In 2009, one case of tetanus was notified in NSW. The man, aged in his thirties, reported symptoms after standing on a nail.

The numbers of notified cases of tetanus have remained relatively stable over the past 5 years, ranging from one to two cases annually. In Australia, tetanus mostly occurs in older adults who are not adequately immunised.

The numbers of notified cases of most vaccine-preventable diseases reported in NSW is low although occasional outbreaks do occur. In NSW, outbreaks of vaccine-preventable disease are usually the result of non-vaccinated people travelling to countries where vaccine-preventable disease is more common, as was the case in the measles outbreak where 84% of cases reported in NSW had either travelled overseas or had had contact with someone who had recently travelled overseas.

Epidemics of vaccine-preventable disease occur from time to time. For pertussis, outbreaks occur every 3–4 years and are thought to be the result of waning immunity, particularly in adults and adolescents who become a significant reservoir for infection. Ongoing review of vaccines and vaccination schedules is paramount in preventing vaccine-preventable disease.

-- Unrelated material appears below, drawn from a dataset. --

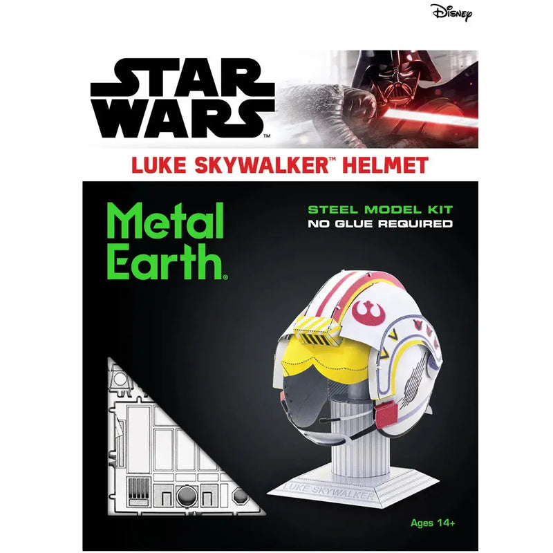 Star Wars - Luke Skywalker Helmet Figure Model Kit (Steel, Moderate Difficulty) - Fascinations - Metal Earth Series lets fans recreate the legendary Rebel pilot helmet worn by Luke Skywalker in his battles against the Empire. As the symbol of heroism and leadership, this helmet played a pivotal role in Luke’s journey as an X-Wing pilot and Jedi Knight. This moderate-difficulty model kit faithfully captures the helmet’s intricate design and structural details, making it a must-have collectible for Star Wars fans.

The data derived from notifications of vaccine-preventable disease are subject to several limitations. Notification data are likely to underestimate the true number of cases of disease for two reasons. Firstly, many infections can be mild, so people may not present for medical attention. For those who do present, notification relies on a diagnosis being made and appropriate laboratory tests being ordered. Secondly, positive diagnoses may not be notified by the doctor, laboratory or hospital to public health units as required under the Public Health Act for a variety of reasons. Nonetheless, assuming these biases are relatively stable over time, vaccine-preventable disease notification data do provide a useful indication of the trends in disease incidence in NSW.

The current low numbers of notified cases of most vaccine-preventable diseases in NSW is largely the result of reaching and maintaining high vaccination coverage levels. Reporting and disease estimates from surveillance systems can be affected by changes in disease awareness, laboratory diagnostic tests and testing protocols, case definitions, and reporting practices over time. However, ongoing surveillance for vaccine-preventable disease is important to identify changes to disease incidence and to inform appropriate public health action.